The CAWR program looks for discrepancies in the reporting information that exceed certain limits – the idea is that the IRS would take action to correct the situation which could result in substantial assessments against the employer whose data does not match.  The program also identifies employers who fail to file employment tax returns with the IRS.  That failure, of course, could result in substantial liabilities and should cause swift action by revenue officers assigned to those accounts.

Looking at the 2013 data (and keeping in mind that CAWRs generally runs a couple of years behind), TIGTA found that the IRS only worked 17% of the discrepancy cases identified.  It estimated that the potential amount of tax underreported was $7 billion and that it would take about 55 IRS employees to work these cases.  It estimated that these 55 employees would cost the government about $2.7 million (with an M not a B).  How many of us would like the opportunity to invest $2.7 million to obtain a return of $7 billion.  I seriously doubt the IRS could collect all of the $7 billion even if it could assess that amount and I also doubt if the 55 employee number considers all of the downstream work that might need to occur in collection and other parts of the IRS to fully recover this amount, but it still seems like an eye popping return on investment opportunity.  While the IRS response gave other reasons for not addressing some of the cases or not prioritizing them as TIGTA might, the IRS pointed to limited resources as a major reason for not going after cases it identified as having discrepancies.

Interestingly, on the SSA side a lawsuit settled in 1990  causes the government to work all of the SSA cases and the IRS can only spend whatever limited resources it has left in working the IRS discrepancy cases.  I suppose that should make those of us hoping for social security benefits feel good, but it also leaves me wonder if someone should bring a lawsuit on behalf of taxpayers to get the same deal for the tax cases.  Here is an example of the government spending the resources necessary to ensure that the benefits side makes out but not spending the resources to ensure that the money is captured that will enable it to pay out the benefits without printing more money.

The report contains detailed statistics for anyone wanting to delve deeper into this topic and one chart shows the types of cases identified.  As with many TIGTA reports, it provides an interesting glimpse into the inner workings of the IRS.  In this case, a discouraging one as well.



  1. Norman Diamond says

    When I worked in the US a few weeks and a US company issued a falsified W-2, the company also reported the same false number to the SSA. It seems to me if a company reports different numbers to the SSA and IRS it’s more likely due to mistake than intent.

    That was the first time I crossed out the jurat, wrote a separate statement and signed it under penalty of perjury.

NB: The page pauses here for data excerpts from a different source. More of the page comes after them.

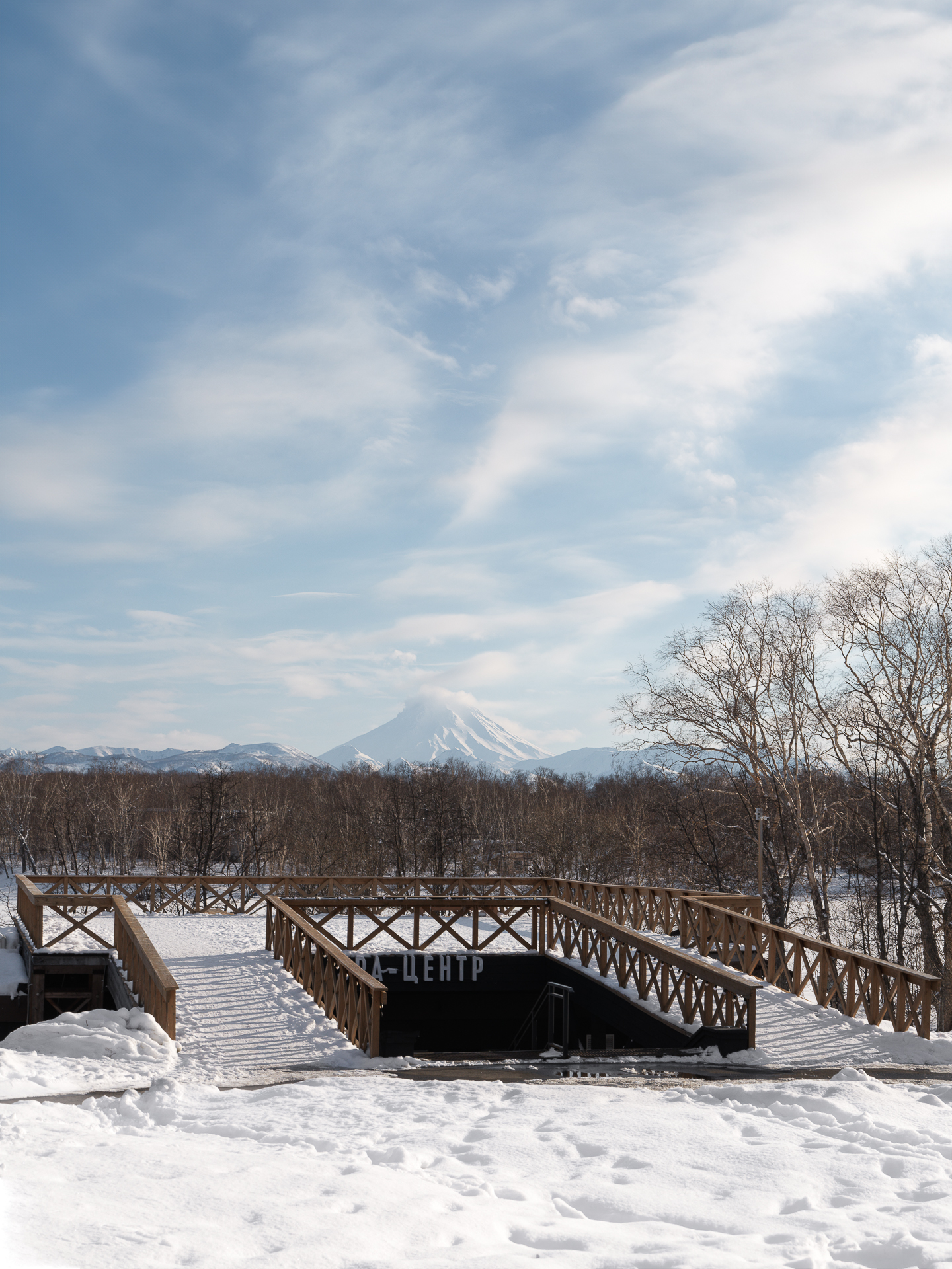 В летнее время гости комплекса могут расположиться на примыкающей к основному зданию террасе с видом на озеро, чтобы воспользоваться ресторанным сервисом под открытым небом, наслаждаясь природными красотами Камчатки.
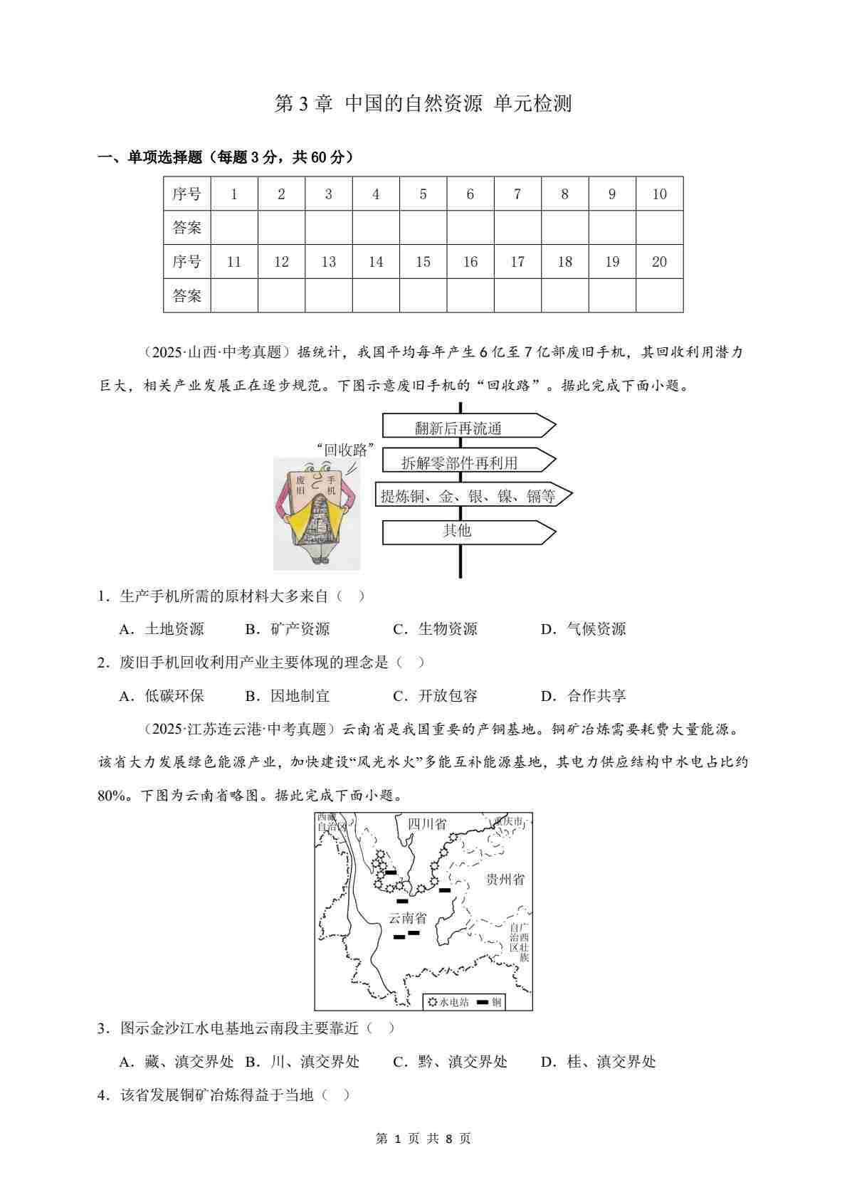首页 > 全部 > 单元检测 > 【情境·素养】第3章 中国的自然资源 单元检测(原卷)-2025~2026学年人教版(2024版)
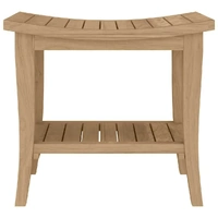 This wooden bathroom side table is a perfect choice for holding towels and bath accessories in the shower. Solid teak wood: Solid teak wood is a beautiful natural material. It has been seasoned, kiln dried and then treated with a rustic finish. Teak wood is known for its exceptional strength and weather resistance.Storage shelf: The teak side table holds up to 10 kg, ideal for storing your bath essentials such as bath towels, soap, shampoos, lotions, body wash, or scented candles, all these shower necessities are within easy reach. It is not suitable for sitting at all.Easy-to-clean surface: The smooth surface makes the bathroom accent table easy to clean with a damp cloth.
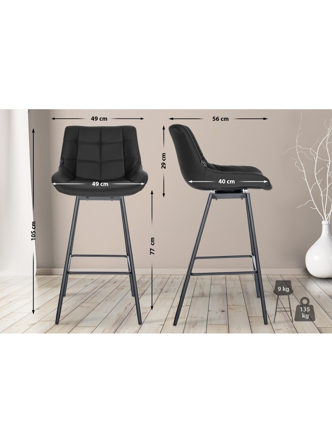 Este juego compuesto por cuatro taburetes de bar Weston convence por su diseño moderno y su gran comodidad. Con una altura de asiento de 77 centímetros, las sillas de bar son ideales para la mayoría de mostradores.
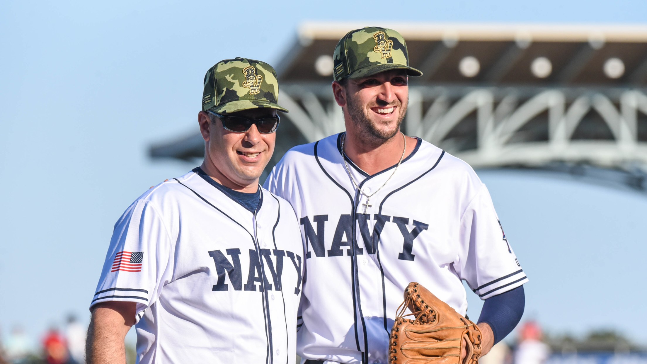 The players wore blue-white striped uniforms with Navy on the front jersey, similar to those worn by MLB players who played on base all-star teams during a break from training for World War II.
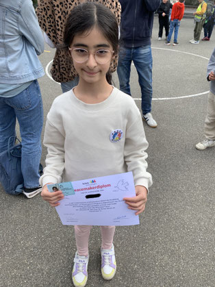 In dieser Wochen wurden die Kinder in verschiedene Ateliers geschickt um die Kinder auf die Einführung der "Friedensstifter" vorzubereiten. In der 3./4. Klasse gab es Themen wie "Fair Play Spiele", "Streit", "Wut", Friedensfahnen herstellen und "Mutspiele". Ab Donnerstag durften dann je zwei gewählte Kinder pro Klasse (ein Bube und ein Mädchen) in die Ausbildung als PeacmakerIinnen gehen. Zum Abschluss wurden diese Kinder am Freitagnachmittag feierlich vorgestellt und erhielten ein Diplom....
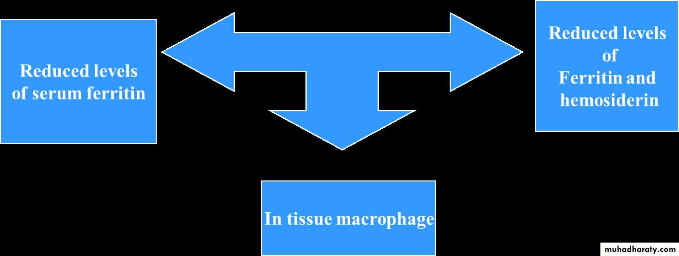 in negative iron balance, and to preserve the level of iron in the serum and RBC, results in Depleting the tissue iron stores and this results in:
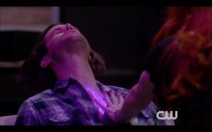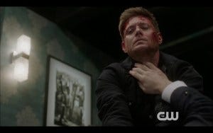 Eventually Dean gets the upper hand and chokes Bernard into what I presume is unconsciousness. There’s no way Dean Winchester bloodied and bruised, determinedly choking some bad guy out, should be so hot, but there you go.
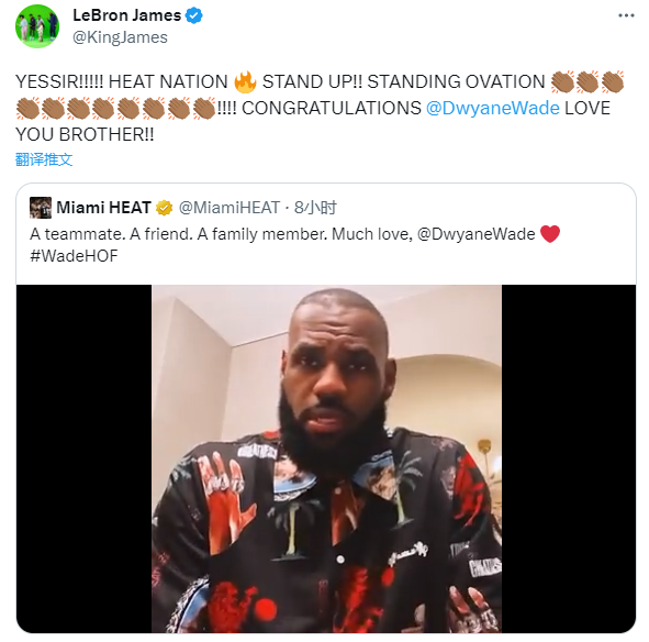 詹姆斯转发了热火官推发布的包括他在内的众人为即将入选名人堂的韦德录制的祝贺视频,配文写道:太棒啦!热火国度。请站起来!起立鼓掌!!!祝贺@韦德 爱你,兄弟。
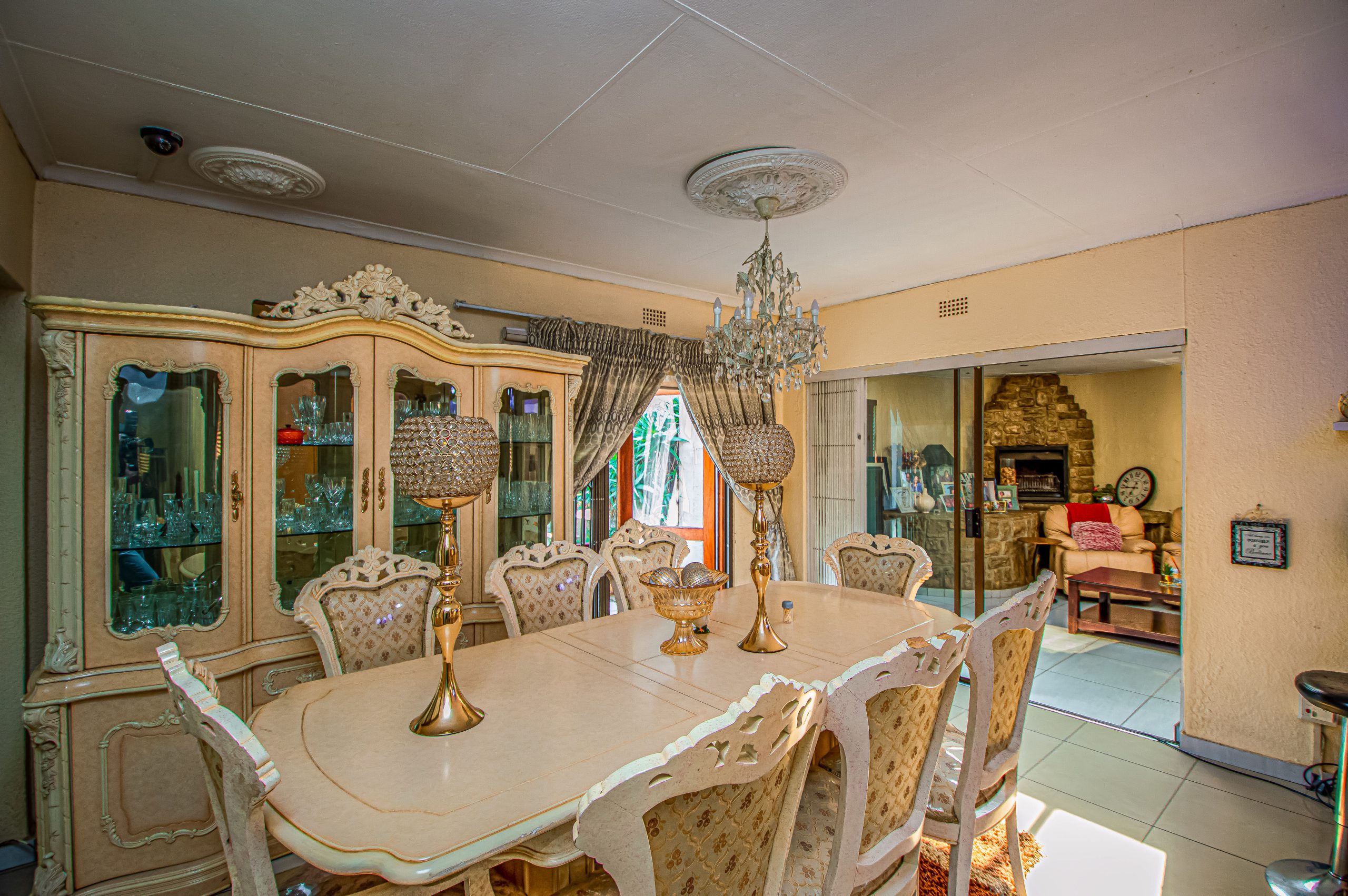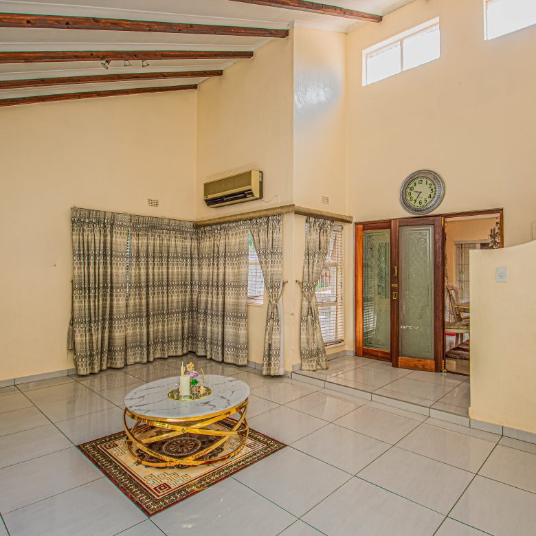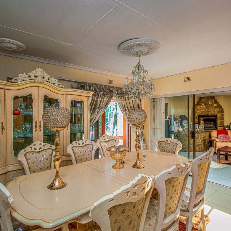 The home welcomes you into a split-level lounge, creating a sense of depth and character, flowing seamlessly into a dedicated dining area ideal for both everyday living and hosting. The kitchen, fitted with a gas stove, is designed for functionality while remaining central to the home’s layout.
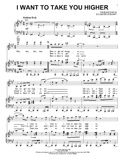 Download or print Sly & The Family Stone I Want To Take You Higher sheet music, chords and digital score arranged for Piano, Vocal & Guitar Chords (Right-Hand Melody). This Pop score includes 9 page(s).
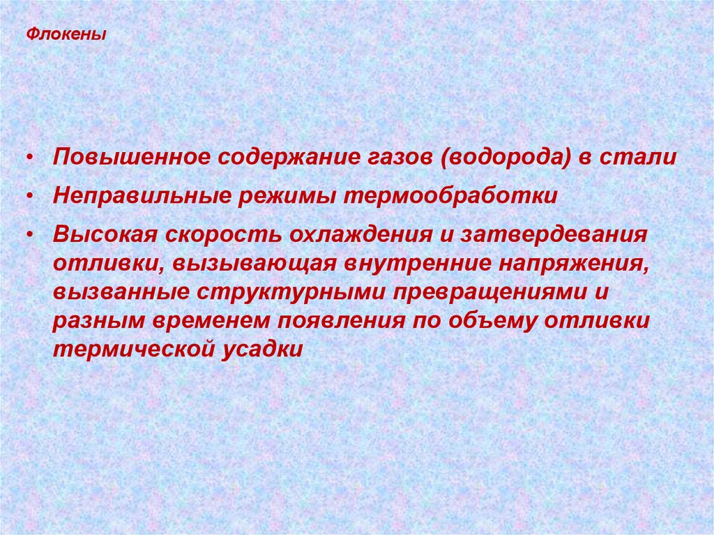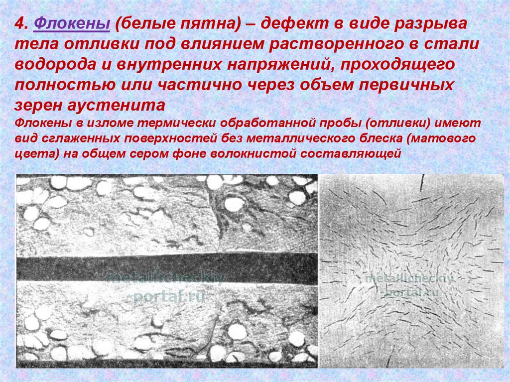 4. Флокены (белые пятна) – дефект в виде разрыватела отливки под влиянием растворенного в стали
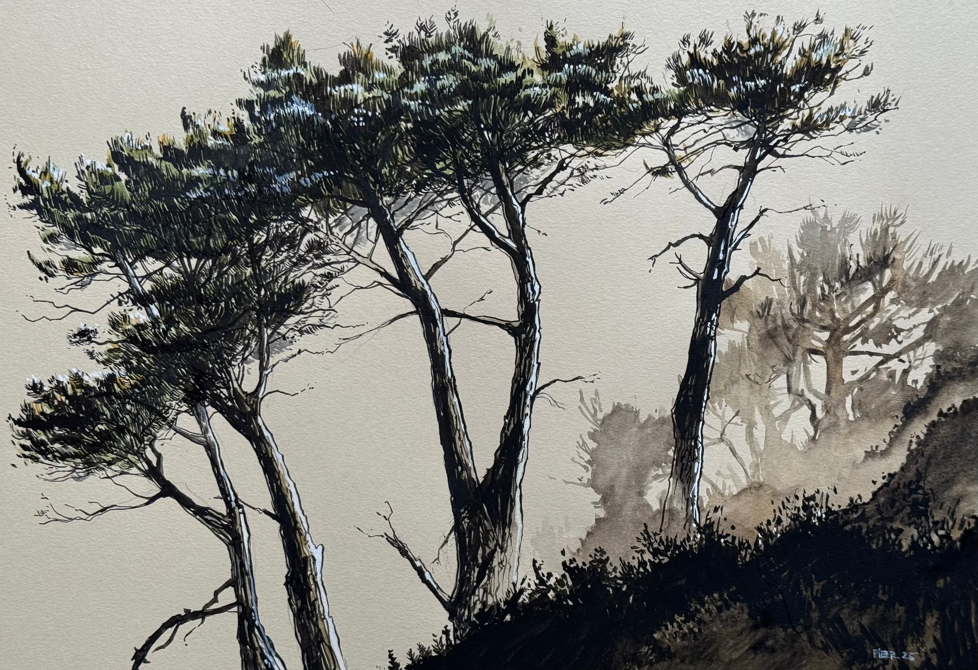 L’œuvre a été réalisée avec des pigments extra-fins des marques Sennelier et Daniel Smith. La gamme Sennelier, utilisée par de nombreux peintres depuis plus d’un siècle, se distingue par sa vivacité et sa transparence. Les aquarelles Daniel Smith, quant à elles, offrent une densité chromatique particulière, appréciée pour leur richesse et leur résistance à la lumière.
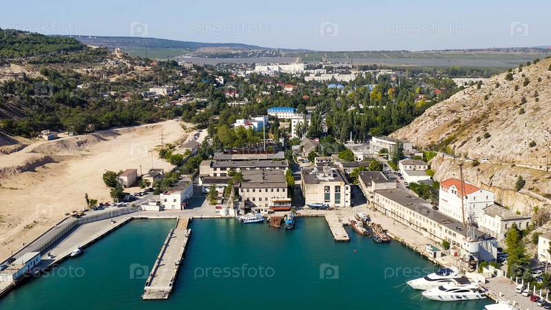 Балаклавская бухта с яхтами и рекреационными лодками, Aerial View
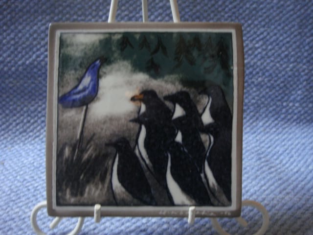 Pingviini-aiheinen laatta on suunniteltu v. 1986.
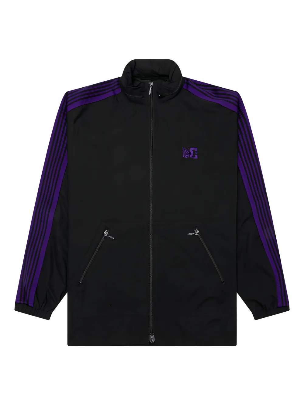 noir détails rayés fermeture zippée cape à papillons brodés col montant manches longues
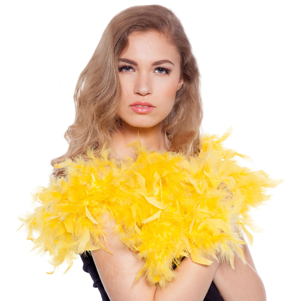 Fjäderboa Neon Gul omfattar en fjäderboa i gult. Tänk på att skaka loss boan innan användning för att få bort alla lösa fjädrar. Ett tips är att spraya boan med vanligt hårspray!
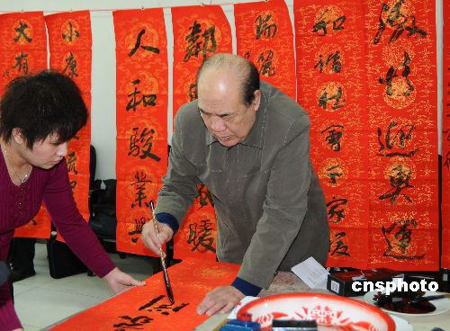 圖:著名書法家親自為農民書寫春聯
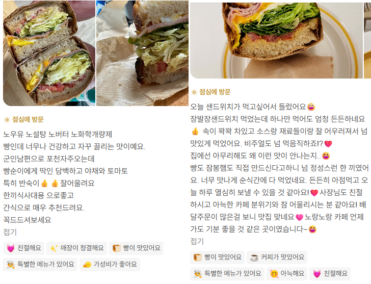 - 무거운 식사 대신 가볍게: 포천의 거한 메뉴를 선택하기 애매할 때 속이 편안하고 깔끔한 로컬 샌드위치로 가볍게 속을 채울 수 있습니다.
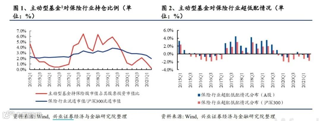 据兴业证券经济与金融研究院统计,2021年二季度,主动型基金低配保险板块,持股市值占比为0.2%,环比-1.08pct,相较沪深300低配1.77pct,保险持仓占比触五年最低点,个股持仓环比也普遍下降。
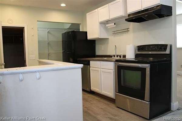 - Dishwasher, Free-Standing Electric Range, Free-Standing Refrigerator, Range Hood
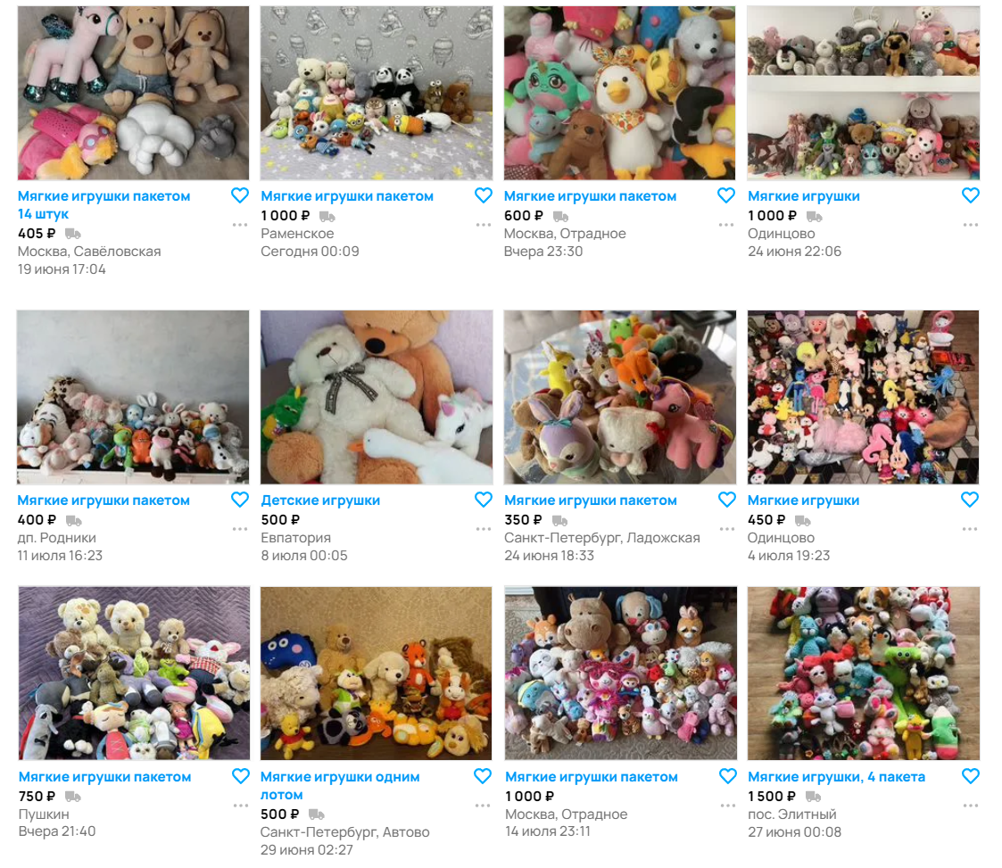 В детстве у меня мягких игрушек не было, как и Авито, где их теперь продают целыми мешками за копейки с доставкой по всей стране. Так что, кажется, это увлечение у меня надолго.

I did not know that it’s illegal to alter the jurat. Unfortunately the IRS accepted it without a peep. If the IRS had taught me a lesson at the time, I’d never again write an honest declaration on a US tax return, would never again impede the administration of US federal taxes, and would have saved enormous trouble and expense on both sides. Unfortunately I learned too late. The IRS needs returns to be processable not accurate, they explicitly said so in a settlement they wrote, I briefed courts on perjuries that I committed under coercion, and everyone except me is happy with the result. Later I accidentally found IRB 2005-14 which backs up the IRS’s position.

    So here TIGTA talks about inconsistencies instead of inaccuracies. Yet again, it doesn’t matter if someone files an inaccurate report. Just take the trouble to make the lies consistent.